I have found that the ability to customize financial systems beyond the standard out-of-the box functionality is a critical advantage to the client and the firm. Managing the associated increased risk therefore becomes a key issue for the accounting firm.

Key differences between the personalities of technology consulting practices and accounting firms also often have an impact on the ultimate success of the practice. Technology consultants are generally more willing to embrace change, are looking for a variety of technical challenges, generally enjoy providing a variety of services, and need the creative challenges provided by a client’s specific project implementation, which can vary from client to client. Keeping these consultants challenged and motivated, therefore, is important to growing the practice.

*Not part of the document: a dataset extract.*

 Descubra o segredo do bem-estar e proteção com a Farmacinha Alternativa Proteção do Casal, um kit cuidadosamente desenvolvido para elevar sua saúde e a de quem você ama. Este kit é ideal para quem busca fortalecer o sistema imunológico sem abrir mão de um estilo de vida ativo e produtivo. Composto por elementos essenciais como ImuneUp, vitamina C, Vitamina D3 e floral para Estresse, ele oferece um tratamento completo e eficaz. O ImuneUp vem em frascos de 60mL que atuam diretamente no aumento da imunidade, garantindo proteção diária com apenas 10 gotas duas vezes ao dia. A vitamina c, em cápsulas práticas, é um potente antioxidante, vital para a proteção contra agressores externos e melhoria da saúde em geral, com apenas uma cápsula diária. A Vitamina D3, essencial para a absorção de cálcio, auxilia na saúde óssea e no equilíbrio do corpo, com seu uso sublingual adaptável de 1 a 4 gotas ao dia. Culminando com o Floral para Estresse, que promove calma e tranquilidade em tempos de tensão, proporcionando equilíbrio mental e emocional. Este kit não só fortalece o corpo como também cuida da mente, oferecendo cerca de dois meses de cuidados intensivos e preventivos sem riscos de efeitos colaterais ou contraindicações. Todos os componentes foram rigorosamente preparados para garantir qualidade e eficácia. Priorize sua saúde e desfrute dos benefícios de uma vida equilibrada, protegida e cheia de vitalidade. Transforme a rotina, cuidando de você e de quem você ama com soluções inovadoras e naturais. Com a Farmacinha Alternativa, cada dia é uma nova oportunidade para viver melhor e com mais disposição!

In addition, while two projects can have similar requirements and processes, they can differ widely in complexity, scope and risk. They can use the same software products, require implementation of the same financial modules within the product (such as accounts payables or financial reporting), and have the same number of users. However, the depth of integration between the client’s business systems can introduce significant implementation roadblocks to the project.

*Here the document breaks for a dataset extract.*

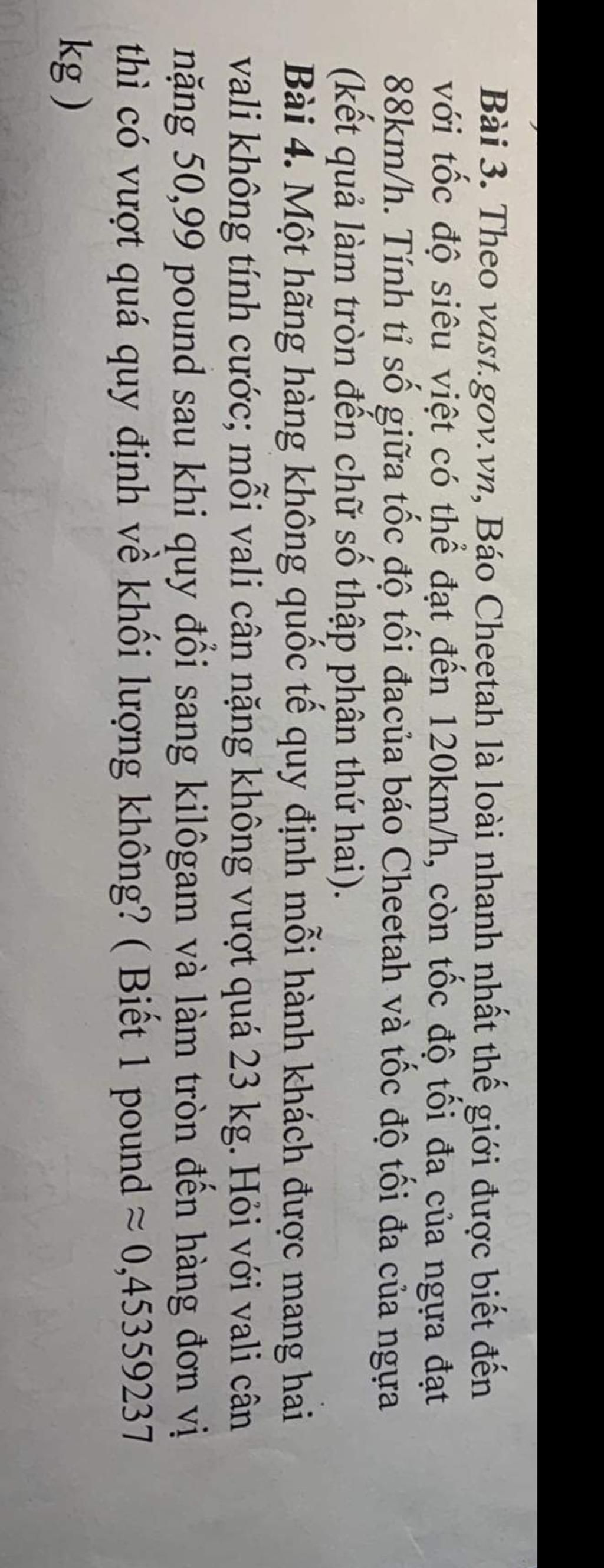 tỉ số giữa tốc độ tối đa của báo Cheetah và tốc độ tối đa của ngựa là :

Additional factors, such as the skill sets of the client’s staff, the client’s ability to embrace new or different technology, and the client’s ability to manage changes in project scope are often critical to the perceived project success. Accounting firms frequently find such variants daunting.

Accounting firms are generally adept at planning and managing audit and tax work efficiently. After the first year, these engagements can become repetitive and predictable in their management and outcome. The same may, of course, be said of technology projects. Unfortunately, the technology practice often involves a higher degree of risk. As new versions of the same software packages are released, they can significantly affect the product’s stability, its ease of integration with the client’s third-party products, and its capability to support the client’s existing processes with no changes. These disparities require skillful management of expectations by the technology practice of both the client and the CPA firm.

I have reviewed some key attributes of technology implementations versus more traditional accounting projects. Another key difference between the technology practice and the accounting firm lies in the business development functions. Unlike the built-in annual cycle for accounting audits, many ERP implementation sales also require a more consistent and dedicated sales effort. Working with ERP publishers reinforces the on-going sales and marketing efforts required by this type of practice.

As a result, the accounting firm is generally not as experienced with the marketing and sales processes needed to maintain and grow a technology practice. The longer sales lead times, repetitive marketing campaigns, dedicated sales staff, and pricing/promotion tactics are frequently a foreign language to the traditional CPA practice. Understanding the costs, efforts, length of time, and sales efforts needed to build the technology practice are critical to its success.

I recently attended an ERP conference where the speakers heavily emphasized the sales and marketing requirements for the typical technology practice. To run and grow a technology practice requires the skill sets of marketing, sales, client management, project discipline, staff management, financial and accounting skills, and additional vertical subject matter expertise. Finding the right team that has these capabilities to balance growth with returns is a key requirement for your successful technology practice.

Seth Zarny is the Information Technology Partner at the Washington, D.C.-based firm Raffa PC. He joined the firm in 2004 after 19 years as a principal with Information Resource Associates, a financial systems and technology consulting firm. He sold the company to EYT, formerly Ernst & Young Technologies, in 2003. He specializes in technology consulting services, including financial system implementations for several leading product lines.